Mybatis Source Parsing (IV) - How does SqlSession implement database operations?

_If you use a database request operation as a comparison, the first three articles are preparing for the request, and the real operation is what this article will tell you.As with the title, the most central point of this article is that SqlSession implements source code resolution for database operations.By convention, however, I still have the following questions:

• 1. How was the SqlSession created?Does each database operation create a new SqlSession?(Many students might say that SqlSession was created through SqlSessionFactory.openSession(), but this answer is given a maximum of 5 points on a 10-point scale.)
• 2. The relationship between SqlSession and Transaction?In the same method, Mybatis requests the database multiple times.
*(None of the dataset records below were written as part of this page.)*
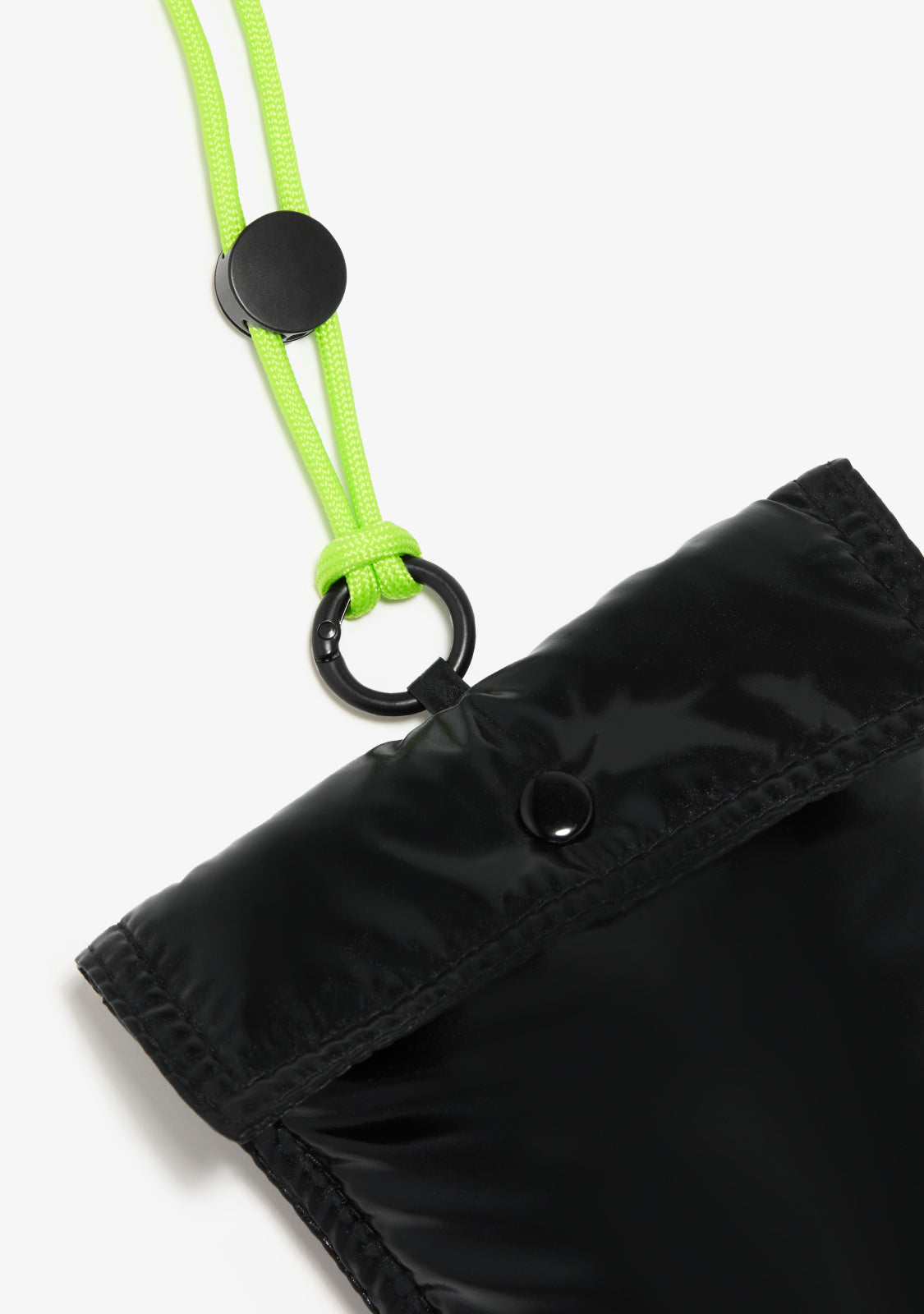 Ovaj model s iridescentnom crnom završnom obradom ima uklonjivu žicu u boji limete zahvaljujući svom metalnom prstenu koji omogućuje prilagodbu duljine. Ima kopču na gumb i D.Franklin logo u boji limete otisnut na prednjoj strani.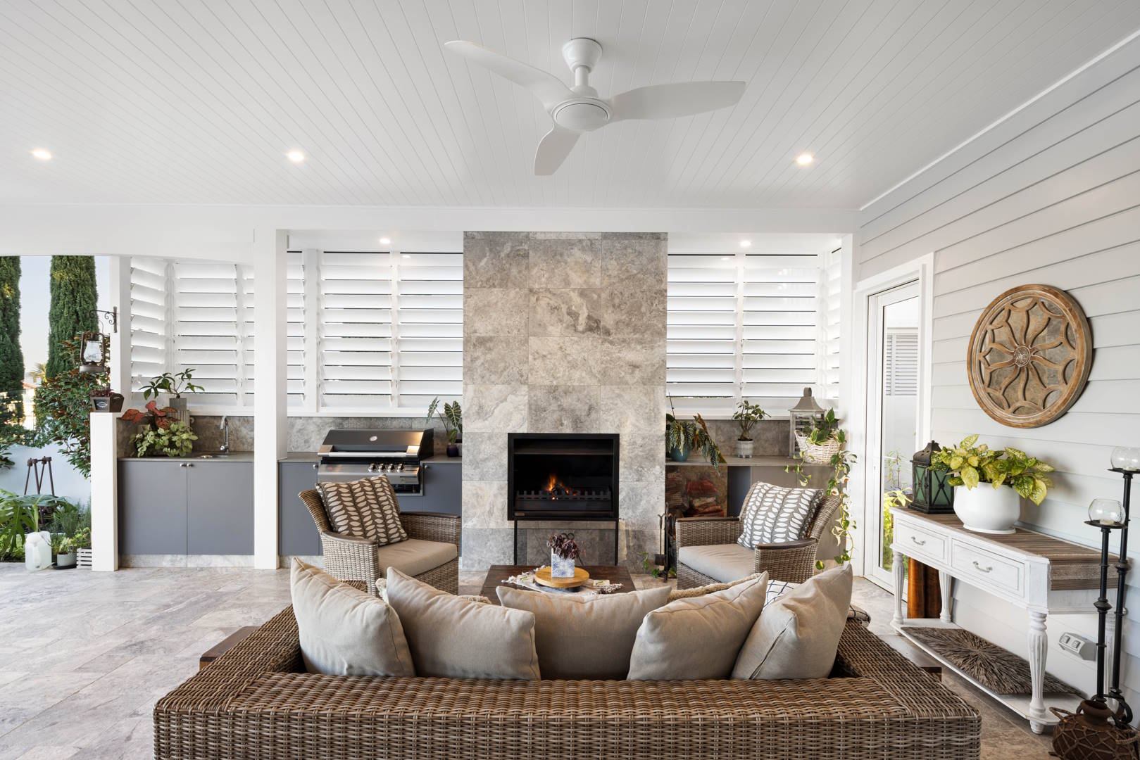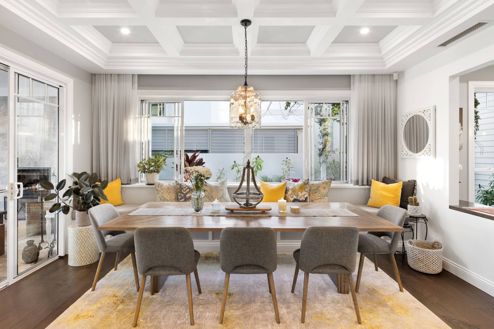 The living area boasts a striking two-way fireplace that also serves as a captivating statement piece, complemented by coffered ceiling details in the dining area. Additionally, a home office and versatile media/multi-purpose rooms, along with an extra rumpus room, offer abundant space for work and leisure.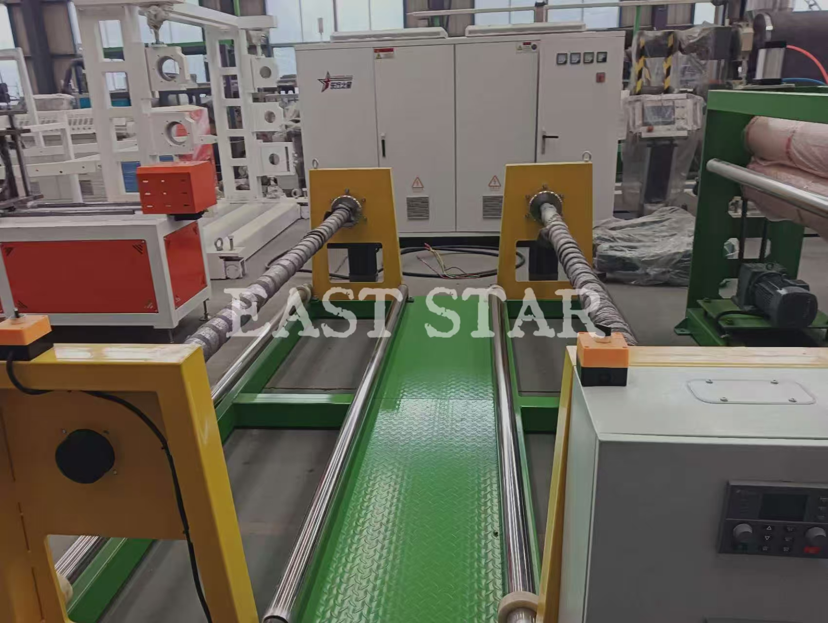 · तीन-रोल कैलेंडर: पिघली हुई निकाली गई शीट को ठंडा और पॉलिश करता है, अंतिम उत्पाद की मोटाई और फिनिश को सटीक रूप से नियंत्रित करता है।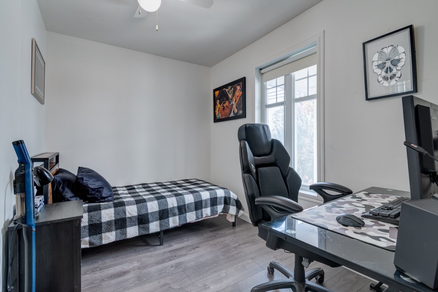 Luminaires, stores, remise, bain tourbillon et douche multi-jets, fournaise électrique et thermopompe, pompe submersible, bacs roulants, module de rangement dans garde robe de la chambre du devant.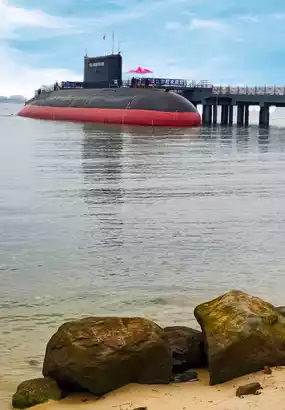 The surface ships and submarine decommissioned military equipment display area is about 2 kilometers away from the expo park. The display area features a Kilo-class conventional-power submarine and a missile destroyer, where tickets can be purchased to board and tour the vessels, and one can also admire them from the surrounding beach and take photographs as a memento.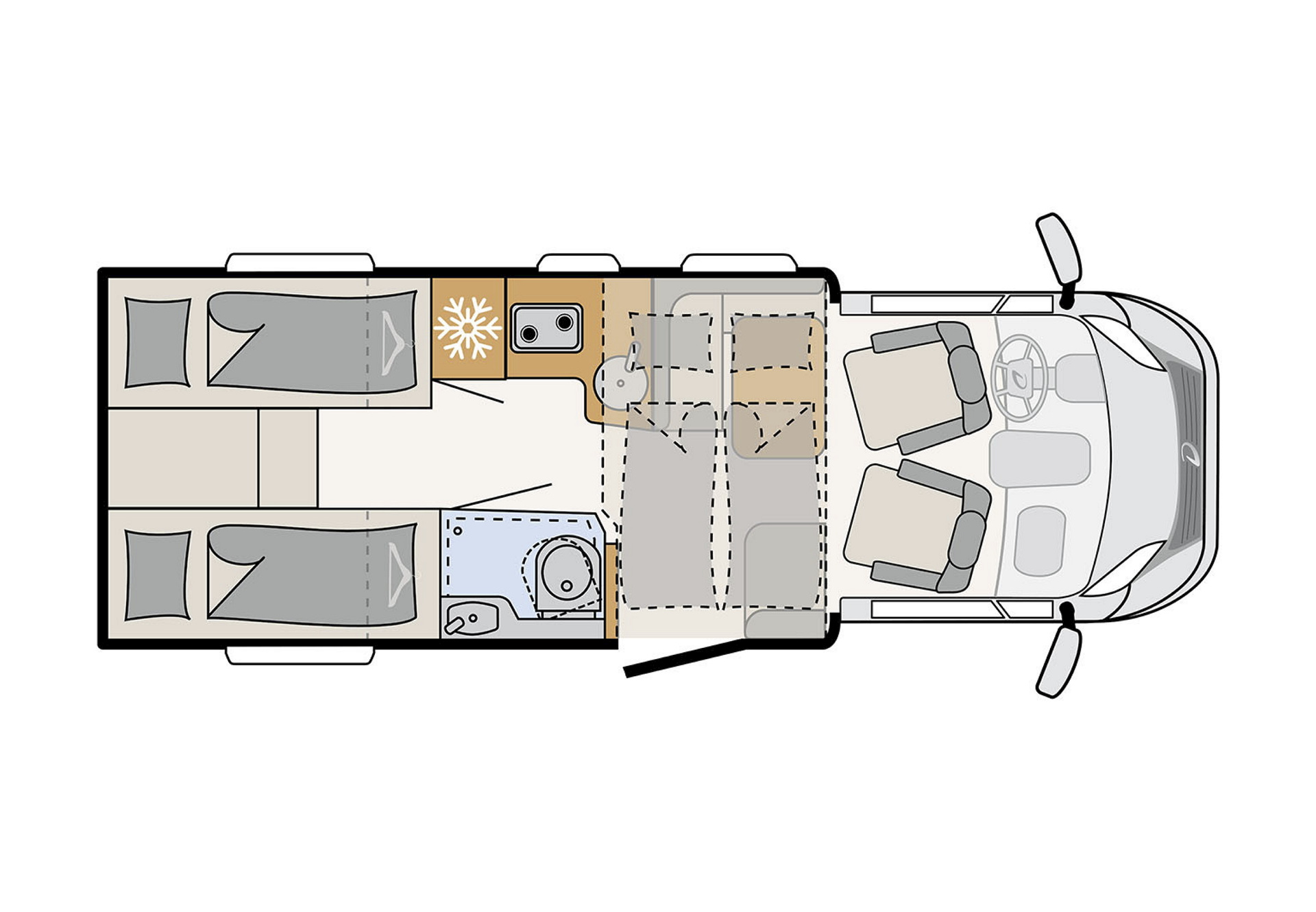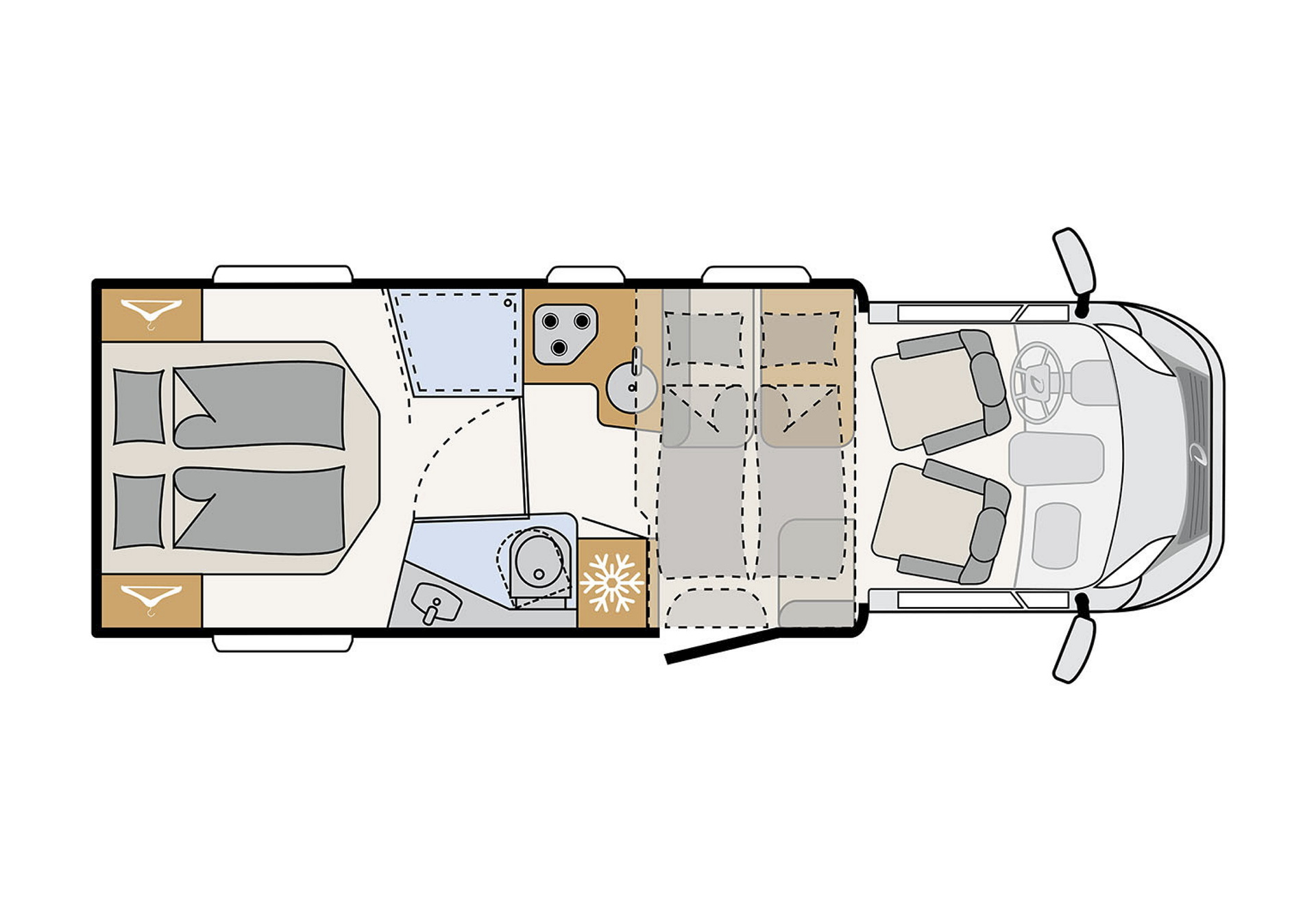 • 2 Sitzplätze in der Fahrerkabine (zum Wohnbereich drehbar) und zwei Sitzplätze im Wohnbereich

Do you want to create multiple SqlSessions?
• 3. How does SqlSession implement database operations?

_The content of this chapter is to analyze around the above three issues, so take the problem to see the source code!

1. Creation of SqlSession

_When learning Mybatis, we often see that the SqlSession creation method is SqlSessionFactory.openSession(), so let's take this as a starting point, first look at the method source code of SqlSessionFactory.openSession() (note DefaultSqlSessionFactory), which calls the openSessionFromDataSource() method internally, so let's look inside this methodPart Source:

  private SqlSession openSessionFromDataSource(ExecutorType execType, TransactionIsolationLevel level, boolean autoCommit) {
    Transaction tx = null;
    try {
      final Environment environment = configuration.getEnvironment();
      // Created a TransactionFactory Transaction Factory (if you have a close look at the SqlSessionFactoryBean.buildSqlSessionFactory() process, you should see the SpringManagedTransactionFactory)
      final TransactionFactory transactionFactory = getTransactionFactoryFromEnvironment(environment);
      // Get a Transaction Transaction from TransactionFactory 
      tx = transactionFactory.newTransaction(environment.getDataSource(), level, autoCommit);
      // Get an Executor from execType (default is SIMPLE)
      final Executor executor = configuration.newExecutor(tx, execType);
      // A DefaultSqlSession object was returned
      return new DefaultSqlSession(configuration, executor, autoCommit);
    } catch (Exception e) {
      closeTransaction(tx); // may have fetched a connection so lets call close()
      throw ExceptionFactory.wrapException("Error opening session.  Cause: " + e, e);
    } finally {
      ErrorContext.instance().reset();
    }
  }
  

_There are three steps to create the entire SqlSession:

• 1. Obtain the TransactionFactory Transaction Factory object (if you have a close look at the SqlSessionFactoryBean.buildSqlSessionFactory() process, you should be able to see the SpringManagedTransactionFactory)
• 2. Obtain a Transaction through TransactionFactory
• 3. Get an Executor based on execType (default is SIMPLE)
• 4. Create and return a DefaultSqlSession object

_From the source code we know that every time a SqlSession (or DefaultSqlSession, to be exact) is created, a Transaction (SpringManagedTransaction in Mybatis-Spring) transaction object is generated.In other words:

• 1. A Transaction object is a one-to-one correspondence with a SqlSession object.
• 2. The same SqlSession no matter how many database operations it performs.As long as no close is performed, the entire operation is performed in the same Transaction.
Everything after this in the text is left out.